For most voters, the sheer ‘force of show’ could well have exposed BJP on May 2 as a big multi-national, ‘buying up’ competition, without having done much consumer reach-out or market studies in the belief that simply flooding the market would get all consumers buying its goods. This ‘McDonald’s franchise’ model reflected BJP’s hubris.

It would be easy to believe that in a battle of ‘outsiders’ and ‘locals’ – a trope tom-tommed by Mamata Pvt Ltd – this marks Bengal’s voters rejecting the takeover by Maganlal and Co. But it would be irrational to believe that BJP’s ‘non-Bengali’ status by itself was a turn-off, except to a metropolitan few. The template itself that was being sold by the national party to the state – ‘achhe din,’ ‘ashol poribartan,’ ‘Gujarat model,’ ‘Xanadu’ – was itself not looking as glamorous and cut-and-paste-worthy as it did even at the beginning of this year.

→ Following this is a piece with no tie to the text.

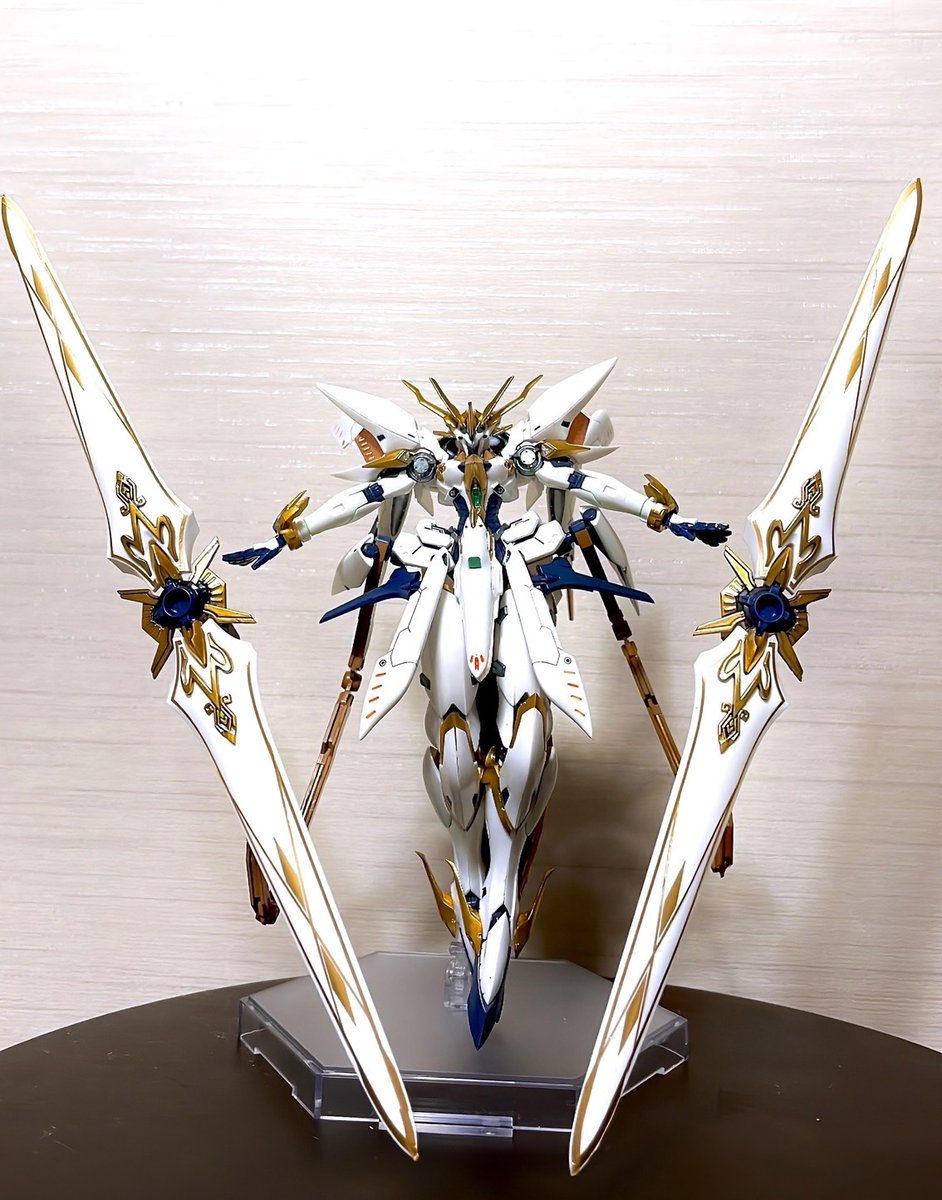 やっと完成しました! フレーム以外全身パール塗装してますビームサーベルはポロリするのでのけています笑 素晴らしいキットでした♪ #ガンプラの画像を貼るとRTされると聞いて #MGEXストフリ #ガンプラ好きと繋がりたい

With higher expectations come louder gasps when things appear to fall apart. The way GoI has handled the Covid pandemic in ‘India’ – especially during this vicious second wave – its raising fuel prices in February, and the Bengal BJP’s born-again communal overtones, Didi’s decadal regime seemed stable to many. Less aspirational, perhaps, but certainly more certain in these extremely uncertain times.

Bengal’s voters, despite their occasional collective dream of ‘revolutionary change,’ are conservative. By not really investing beyond electioneering, BJP failed to recognise the antidote to Banerjee’s anti-incumbency: familiarity. Camera-un-shy janta in Bardhaman or Birbhum striking up a ‘Jai Sri Ram!’ was as much about irking TMC cadres as it was about anyone loudly singing ‘Tumpa Shona!’ a hit Bengali item number – the parody of which was used by CPI(M) – to the bhadralok’s horror.

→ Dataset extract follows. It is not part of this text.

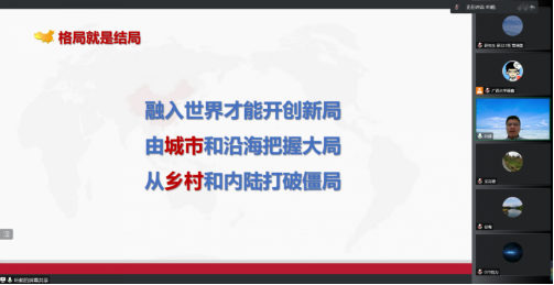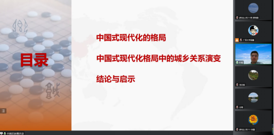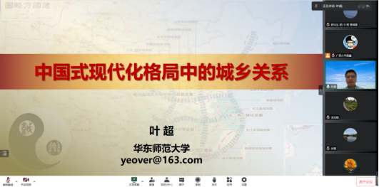 10月27日晚,华东师范大学叶超教授受邀来到公管名师大讲堂,以线上会议的方式为成人直播 师生带来了中国式现代格局中的城乡关系的主题讲座,院党委书记聂鑫教授主持本次讲座,龙花楼教授、徐莺副教授等多位老师以及众多博士、硕士研究生参与此次讲座。

The other advantage that countered Mamata’s anti-insurgency was her cadre. By hoovering many mid-level TMC leaders who switched camps after ‘feeling isolated,’ BJP did the ruling party that had gathered much moss since 2011 a favour. Many disaffected sitting TMC MLAs were also cause for voter disaffection. The Nandigram cliffhanger between Suvendu Adhikari and Mamata is the result of something else: voters afraid of ‘consequences’ if they vote for the ‘wrong’ candidate.

Being around – and in power — for a long time also provided TMC with infrastructural weaponry, whether in the form of carrot or stick. The latter has been all too evident in the extensive poll violence, while the former has come in handy for voters to recall state government schemes at the right time. ‘Khadya Syathi’ for food security, and a flat Rs1,000 a month under ‘Jai Johar’ for scheduled tribes and ‘Bandhu Prakalpa’ for scheduled castes undoubtedly helped voters in the ‘Jangamahal’ districts of Bankura, Purulia, Paschim Medinipur and Jhargram – which overwhelmingly voted for BJP in the 2019 Lok Sabha polls – decide when they voted on April 24.

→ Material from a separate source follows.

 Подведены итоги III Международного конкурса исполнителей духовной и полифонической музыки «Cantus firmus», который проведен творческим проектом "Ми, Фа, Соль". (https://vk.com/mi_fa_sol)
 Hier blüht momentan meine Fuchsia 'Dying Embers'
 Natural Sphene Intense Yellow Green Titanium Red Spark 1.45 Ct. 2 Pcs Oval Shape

Mamata Banerjee’s victory is impressive – especially as it comes in the face of every trick purportedly used in the BJP central government’s book. But with more seats than the 73 won by Congress, Left and BJP combined in the last assembly electins, BJP is now the de facto and de jure opposition party of West Bengal. A state that last had an opposition party worth its functional salt on May 12, 2011, the day before Didi toppled the ancien regime. As a wise man at a chai shop in Garia, in the southern extremes of Kolkata, put it, ‘Because of all its pomp and show, BJP managed to make Mamata’s win look remarkable when it was actually on the cards, while its own performance from 3 to 70-plus is actually remarkable.

A strong government with a visible opposition is what West Bengal desperately needs now as it finally stops khela and gets down to work to protect its people from the real Maganlal Meghraj: a vile, vicious virus.